• [Brief]
Word for word, reproduce every line of the data below.

• [Data segment]
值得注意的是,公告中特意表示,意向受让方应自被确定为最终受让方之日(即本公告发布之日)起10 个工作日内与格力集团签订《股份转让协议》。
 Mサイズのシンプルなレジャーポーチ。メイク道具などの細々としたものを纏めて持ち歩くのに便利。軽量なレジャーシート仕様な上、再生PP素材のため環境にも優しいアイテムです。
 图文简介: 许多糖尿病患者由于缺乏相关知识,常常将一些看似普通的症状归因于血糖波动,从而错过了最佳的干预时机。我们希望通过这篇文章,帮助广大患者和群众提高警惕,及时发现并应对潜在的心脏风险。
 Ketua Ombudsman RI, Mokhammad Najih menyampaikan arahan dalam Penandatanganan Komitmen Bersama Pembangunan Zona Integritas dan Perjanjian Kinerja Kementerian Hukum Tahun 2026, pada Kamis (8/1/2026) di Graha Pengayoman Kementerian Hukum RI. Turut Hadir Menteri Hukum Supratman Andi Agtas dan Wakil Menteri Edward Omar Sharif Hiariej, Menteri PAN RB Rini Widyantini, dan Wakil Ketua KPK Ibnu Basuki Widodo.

• [Solution for this problem]
值得注意的是,公告中特意表示,意向受让方应自被确定为最终受让方之日(即本公告发布之日)起10 个工作日内与格力集团签订《股份转让协议》。
 Mサイズのシンプルなレジャーポーチ。メイク道具などの細々としたものを纏めて持ち歩くのに便利。軽量なレジャーシート仕様な上、再生PP素材のため環境にも優しいアイテムです。
 图文简介: 许多糖尿病患者由于缺乏相关知识,常常将一些看似普通的症状归因于血糖波动,从而错过了最佳的干预时机。我们希望通过这篇文章,帮助广大患者和群众提高警惕,及时发现并应对潜在的心脏风险。
 Ketua Ombudsman RI, Mokhammad Najih menyampaikan arahan dalam Penandatanganan Komitmen Bersama Pembangunan Zona Integritas dan Perjanjian Kinerja Kementerian Hukum Tahun 2026, pada Kamis (8/1/2026) di Graha Pengayoman Kementerian Hukum RI. Turut Hadir Menteri Hukum Supratman Andi Agtas dan Wakil Menteri Edward Omar Sharif Hiariej, Menteri PAN RB Rini Widyantini, dan Wakil Ketua KPK Ibnu Basuki Widodo.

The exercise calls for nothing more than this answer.